Le politicien arrive enfin. Il porte un costume trop grand pour lui. Une cravate qui brille sous la lumière, comme un éclat de vérité bien trop éclatant pour être vrai. Ses dents sont trop blanches, trop parfaites, un sourire de façade sculpté pour le téléviseur. Il a ce regard, celui du type qui a vu trop de gens lever les yeux et qui oublie qu’ils ne le font que parce qu’ils n’ont pas d’autre choix. Il parle, mais tout ce qu’on entend c’est un bruit de fond, une mélodie fausse, un hymne à la révolution que l’on tente de nous vendre comme un produit miracle.

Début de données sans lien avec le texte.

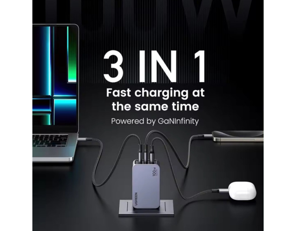 Він оснащений трьома портами: двома USB Type-С та одним USB Type-А. Порт USB Type-С1 підтримує протоколи швидкого зарядження UFCS, PD 3.0, PPS, QC 4+/3+, SCP, FCP, AFC, BC 1.2. та заряджає підключені пристрої з максимальною потужністю 100 Вт, порт USB Type-С2 – з потужністю до 30 Вт, а порт USB Type-А – до 22,5 Вт. При підключенні декількох пристроїв потужність заряджання на кожному порті визначається автоматично. Ugreen 3xUSB 100W GaN (2хUSB-C+USB-A) Nexode Pro X757 дозволяє одночасно заряджати до трьох пристроїв. Новітній чіпсет GaN дозволив виробнику зменшити розмір зарядного пристрою без втрати продуктивності. Зарядний пристрій Ugreen 3xUSB 100W GaN (2хUSB-C+USB-A) Nexode Pro X757 має вбудований захист від короткого замикання, перегріву, перевантаження та від надструмів, тому є безпечним для вас та ваших пристроїв. |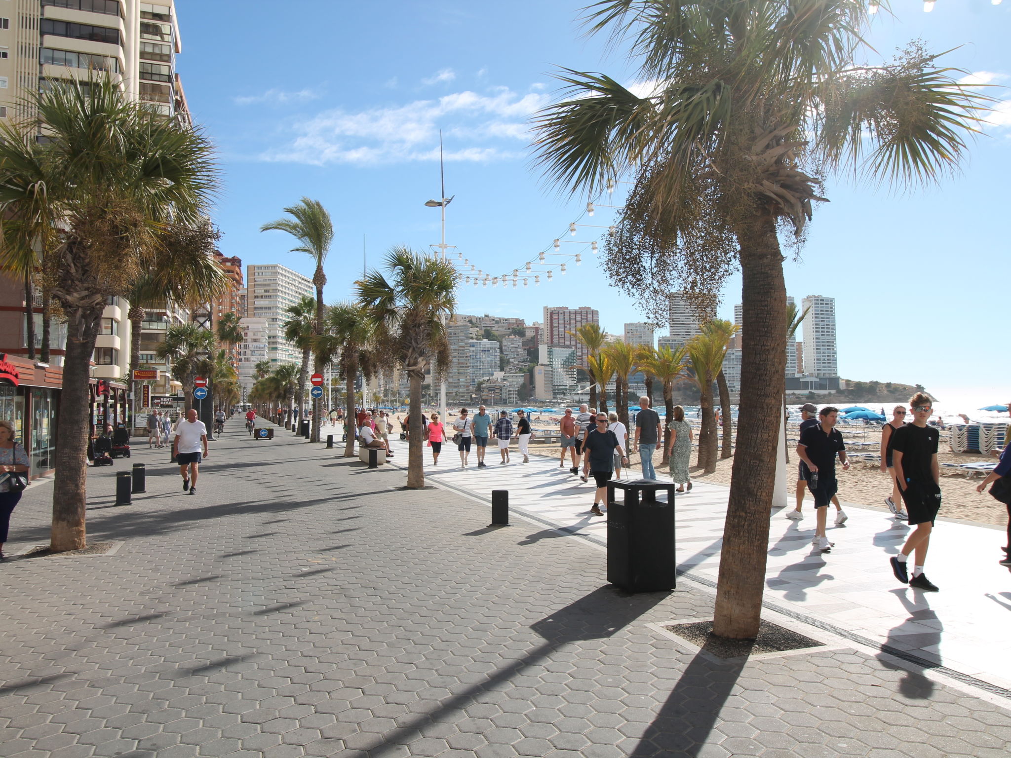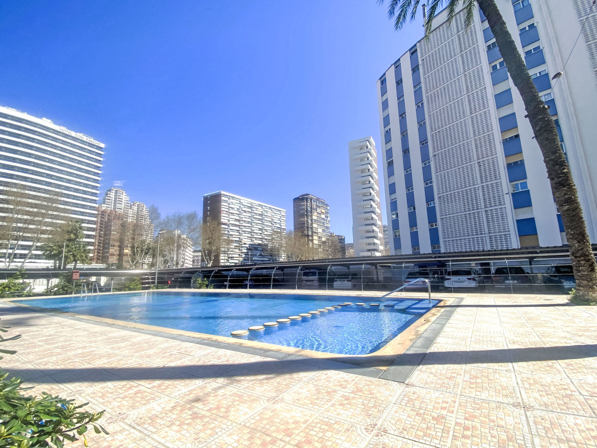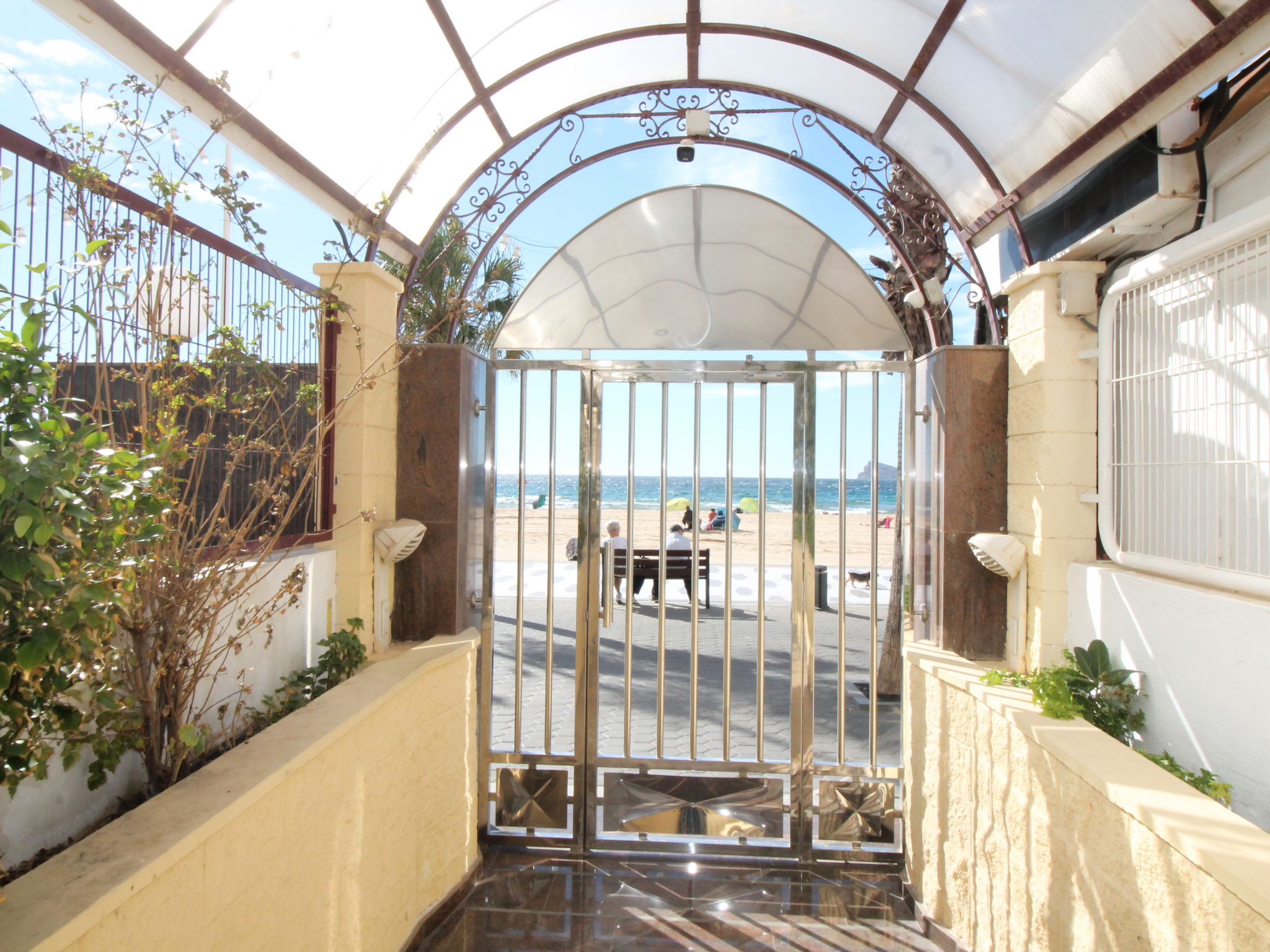 Playa Levante: Sehr grosses Appartementhaus "Las Damas Playa Levante", auf 27 Stockwerken. 200 m vom Zentrum von Benidorm, im Bezirk Playa de levante, zentrale, belebte, sonnige Lage, 20 m vom Meer, 20 m vom Strand, Strasse zu überqueren, Richtung Osten. Zur Mitbenutzung: Grundstück (eingezäunt), Schwimmbad geschützt, eingezäunt (5 x 10 m, saisonale Verfügbarkeit: 01.Jun.-30.Sep.) mit Innentreppe. Dusche/WC im Poolbereich. Im Hause: Fahrstuhl. Parkplatz. Supermarkt 200 m, Restaurant, Bar 50 m, Bushaltestelle "Benidorm" 100 m, Bahnstation "Benidorm" 3 km. Golfplatz (18 Loch) 3 km, Wanderwege ab Haus 400 m. Nahe gelegene Sehenswürdigkeiten: Terra Mitica 3 km, Terra Natura 3 km, Aqualandia 2 km, Mundomar 2 km, Alicante 40 km, Valencia 140 km. Bitte beachten: Babyausstattung auf Anfrage. Jugendgruppen nur auf Anfrage. Die Nachbarschaft ist sehr lärmempfindlich. Ruhe und gutes Benehmen wird erwartet.

La salle est un fourreau, et Karim en est l’ombre. Au fond, il y a ce micro grésillant, ce politicien qui semble s’enfoncer dans ses propres paroles, comme un bateau qui coule à petit feu. Et ce silence. Ce silence lourd, presque tangible. Karim regarde autour de lui : les jeunes qui étaient peut-être pleins de rêves et d’espoirs à leur arrivée sont maintenant des spectateurs fatigués de leur propre existence. Ils regardent le politicien avec des yeux vides, comme s’ils attendaient qu’on leur dise exactement ce qu’ils doivent penser. Ce qu’ils doivent espérer.

Karim se gratte la tête. Pourquoi il est là déjà ? Ce n’est pas vraiment une question qu’il se pose. Plus une constatation. Parce qu’on lui a dit d’y aller. Parce que c’est ce qu’on attend de lui, de sa génération. Il est là pour écouter, encore une fois, le même discours qui revient. Le même chant qui se répète, cette mélodie fausse mais qu’on tente de lui vendre comme un hymne à la révolution.

Le politicien, qui semble s’enfoncer dans ses propres paroles, dit encore :

« Ce changement, ce n’est pas pour demain. C’est aujourd’hui. Vous allez voir. »

Karim ferme les yeux un instant. Cette phrase… “Vous allez voir”. Combien de fois l’a-t-il entendue, cette phrase ? Comme un mantra qu’on répète en espérant qu’elle finisse par se réaliser. Mais Karim connaît la vérité : on ne voit pas ce qu’on ne nous montre pas. Ce qu’on ne veut pas voir. Les promesses sont comme des mirages. On les poursuit, mais elles s’éloignent dès qu’on croit les toucher.

Tout à coup, la salle, les visages, le décor, tout semble se déformer. Les mots du politicien deviennent des murmures, comme un vent dans un tunnel, et Karim se laisse aller dans cette torpeur. Pas par fatigue, mais parce qu’il n’a plus de place pour l’espoir. Il regarde les autres, leurs visages éteints, absorbés par la litanie du politicien. Ce sont eux, les jeunes du quartier, qui auraient dû être au cœur de ce changement. Mais ils n’y croient plus. Les rêves ont été usés, déchirés, jetés à la poubelle avec les tracts politiques.

Les applaudissements suivent, timides, mécaniques. Tout semble s’arrêter un instant. Puis, tout reprend. Le politicien descend de son podium, sa silhouette trop grande, trop parfaite, comme une illusion qui se brise en morceaux. Il passe devant eux, comme s’il se dirigeait vers un avenir qu’il a déjà écrit pour eux, sans même leur demander leur avis. Karim se lève, lentement, et prend son sac. Il ne dit rien. Il n’a même plus la force de regarder les autres. Il se dirige vers la porte. La rue, la chaleur, les bruits de la ville qui ne s’arrêtent jamais, l’attendent. Le politicien n’a pas vu son départ. Les autres ne l’ont pas remarqué non plus. Peut-être que demain, il reviendra. Mais pas pour ça. Pas pour ces promesses. Pas pour ce vent.